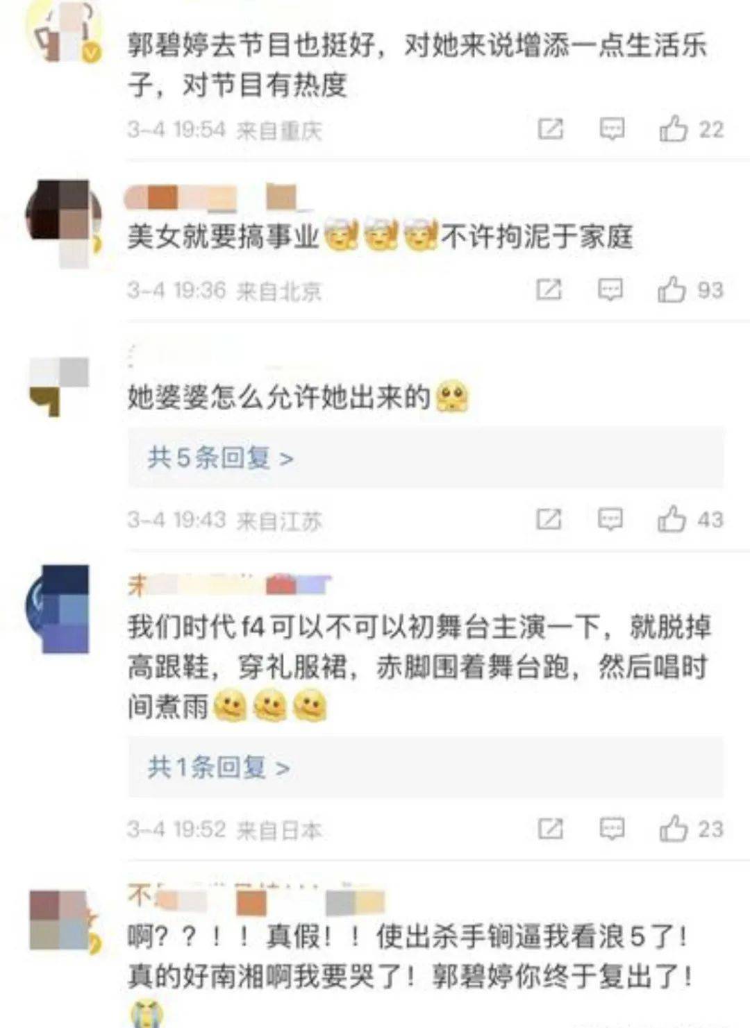 从评论中可见大家对于郭碧婷重新回归舞台的期待和支持。
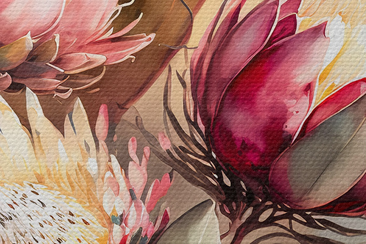 Drei Materialtypen stehen zur Verfügung: Economic Canvas - ein dichtes und haltbares Material für den Digitaldruck, identisch mit Malerleinwand, wasserfeste Oberfläche, realistische Wiedergabe von Details, mittelkörniges Material. Premium Canvas - die Textur ähnelt der einer Malerleinwand (verwobene kleine Fäden). Weiche, detaillierte Wiedergabe des Bildes auf einer matten Oberfläche. Eco-Premium - hochwertiges Gewebe aus 100% Baumwolle. Dank der natürlichen Baumwollfasern ist das Material langlebig und verschleißfest. Hervorragende Farbwiedergabe und Detailtreue.
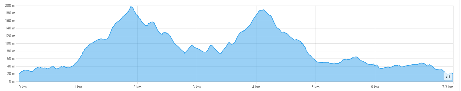Provided you follow the provided gpx file diligently, the total distance will be slightly more than seven kilometres in total. There are possibilities to take a shortcut; consult your navigation app.
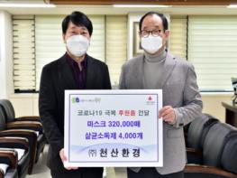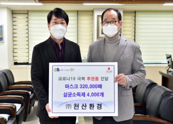 전달식에 참석한 ㈜천산환경 김건영 대표는 “부평구의 코로나19 감염예방과 방역에 보탬이 되고자 덴탈마스크와 살균소독제를 전달하기로 했다”며 “앞으로도 지역사회 발전을 위해 나눔 활동을 이어가는 기업이 되겠다”고 말했다.

· · · ·

Work to complete> Reproduce the data in full. Do not carry over any picture.

Written response>
 从评论中可见大家对于郭碧婷重新回归舞台的期待和支持。
 Drei Materialtypen stehen zur Verfügung: Economic Canvas - ein dichtes und haltbares Material für den Digitaldruck, identisch mit Malerleinwand, wasserfeste Oberfläche, realistische Wiedergabe von Details, mittelkörniges Material. Premium Canvas - die Textur ähnelt der einer Malerleinwand (verwobene kleine Fäden). Weiche, detaillierte Wiedergabe des Bildes auf einer matten Oberfläche. Eco-Premium - hochwertiges Gewebe aus 100% Baumwolle. Dank der natürlichen Baumwollfasern ist das Material langlebig und verschleißfest. Hervorragende Farbwiedergabe und Detailtreue.
Provided you follow the provided gpx file diligently, the total distance will be slightly more than seven kilometres in total. There are possibilities to take a shortcut; consult your navigation app.
 전달식에 참석한 ㈜천산환경 김건영 대표는 “부평구의 코로나19 감염예방과 방역에 보탬이 되고자 덴탈마스크와 살균소독제를 전달하기로 했다”며 “앞으로도 지역사회 발전을 위해 나눔 활동을 이어가는 기업이 되겠다”고 말했다.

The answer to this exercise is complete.